I also use it for my covers and you're right -- what was a 10 minute activity before is now a five hour one, with tweaking, sub-editing, working on composition, endless prompts to get what I want, with the end result being fantastic. I spent a few sleepless nights tossing and turning and wondering if people would reject my novels because of the AI covers... but the truth is, they weren't gonna read them anyway. People who stand on some narrow ledge and scream into the void about all the things they hate and won't tolerate aren't people who would like my books anyway -- I'm too open-minded, lol.
Good luck with your writing! :)
Thanks Charity. And you're right. They weren't gonna read them anyway. Better using your energy on those who would.

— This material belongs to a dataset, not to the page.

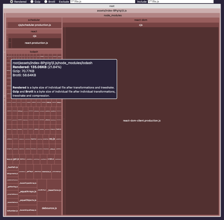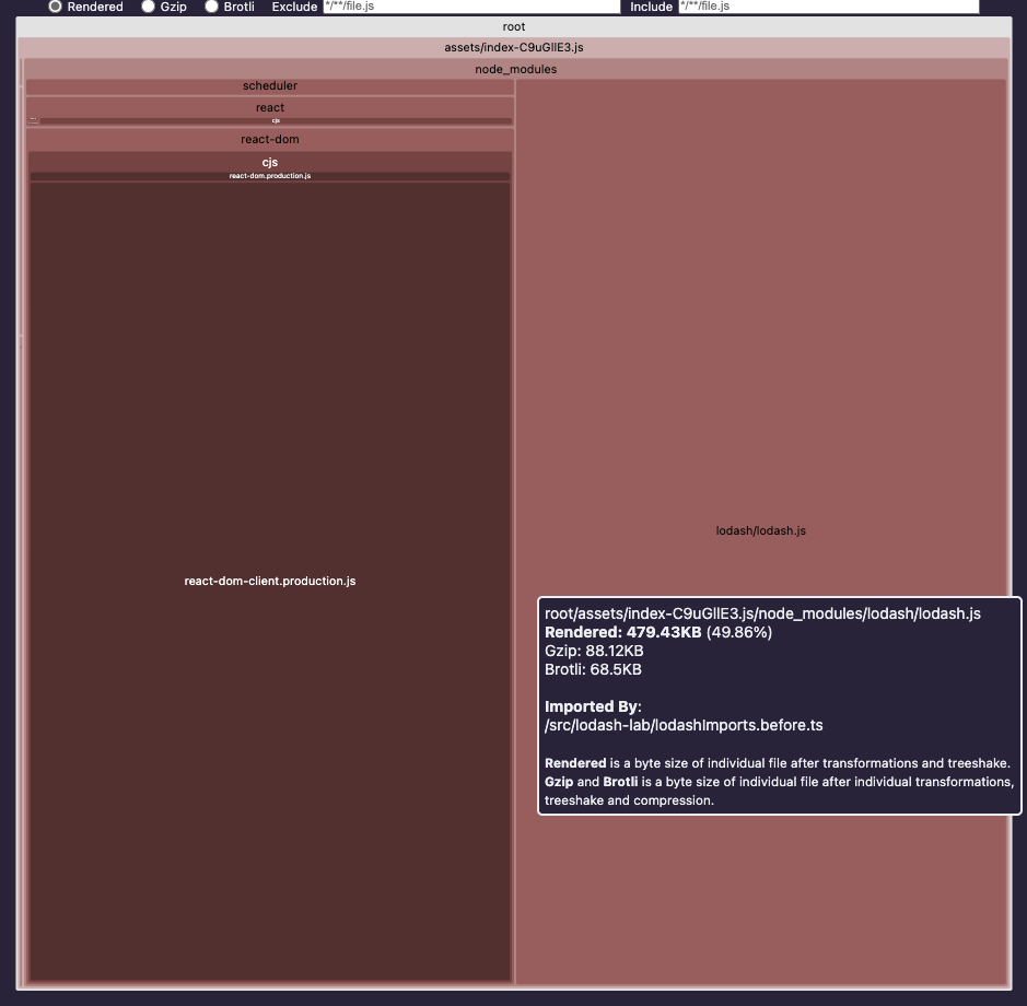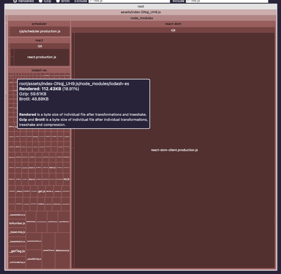 - rollup-plugin-visualizer: 번들 트리맵 + gzip/brotli 사이즈 확인

Yeah. You don't want it to just rewrite you. Better if you go by section and work with it as a collaborative editor. I'd be careful with research due to hallucinations if it's looking at online databases. Working with customs can also help depending on how you build them. I use one to fact check me to make sure I'm accurate in what I write about. A different custom helps me edit stylistically where nuance and narrative style matters more. But yeah. Can be very useful. All depends on the user.